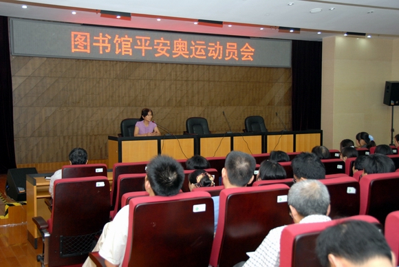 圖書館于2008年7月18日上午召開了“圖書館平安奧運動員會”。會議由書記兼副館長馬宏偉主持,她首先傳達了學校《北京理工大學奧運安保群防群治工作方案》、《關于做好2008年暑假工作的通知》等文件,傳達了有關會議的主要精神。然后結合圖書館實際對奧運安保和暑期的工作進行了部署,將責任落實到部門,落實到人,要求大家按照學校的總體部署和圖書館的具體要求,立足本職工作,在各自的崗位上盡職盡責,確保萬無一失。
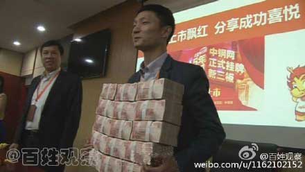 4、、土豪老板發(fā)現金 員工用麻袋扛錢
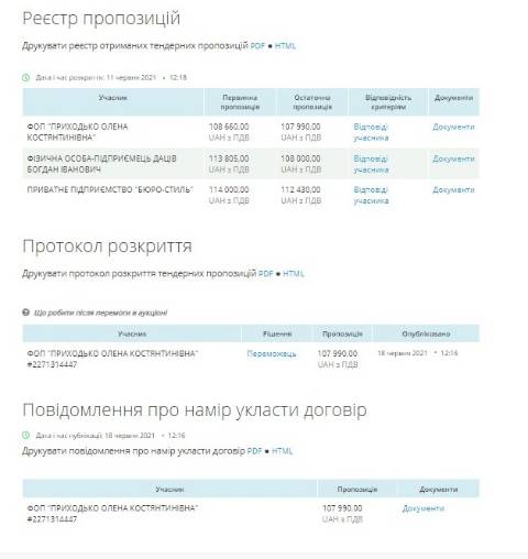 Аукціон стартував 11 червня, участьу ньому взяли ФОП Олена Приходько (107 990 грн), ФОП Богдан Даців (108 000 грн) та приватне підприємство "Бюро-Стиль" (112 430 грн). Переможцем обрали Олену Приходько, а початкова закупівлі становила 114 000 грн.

What you have to do
What's needed is every line above, retyped exactly and free of pictures.

Solution to this problem
 圖書館于2008年7月18日上午召開了“圖書館平安奧運動員會”。會議由書記兼副館長馬宏偉主持,她首先傳達了學校《北京理工大學奧運安保群防群治工作方案》、《關于做好2008年暑假工作的通知》等文件,傳達了有關會議的主要精神。然后結合圖書館實際對奧運安保和暑期的工作進行了部署,將責任落實到部門,落實到人,要求大家按照學校的總體部署和圖書館的具體要求,立足本職工作,在各自的崗位上盡職盡責,確保萬無一失。
 4、、土豪老板發(fā)現金 員工用麻袋扛錢
 Аукціон стартував 11 червня, участьу ньому взяли ФОП Олена Приходько (107 990 грн), ФОП Богдан Даців (108 000 грн) та приватне підприємство "Бюро-Стиль" (112 430 грн). Переможцем обрали Олену Приходько, а початкова закупівлі становила 114 000 грн.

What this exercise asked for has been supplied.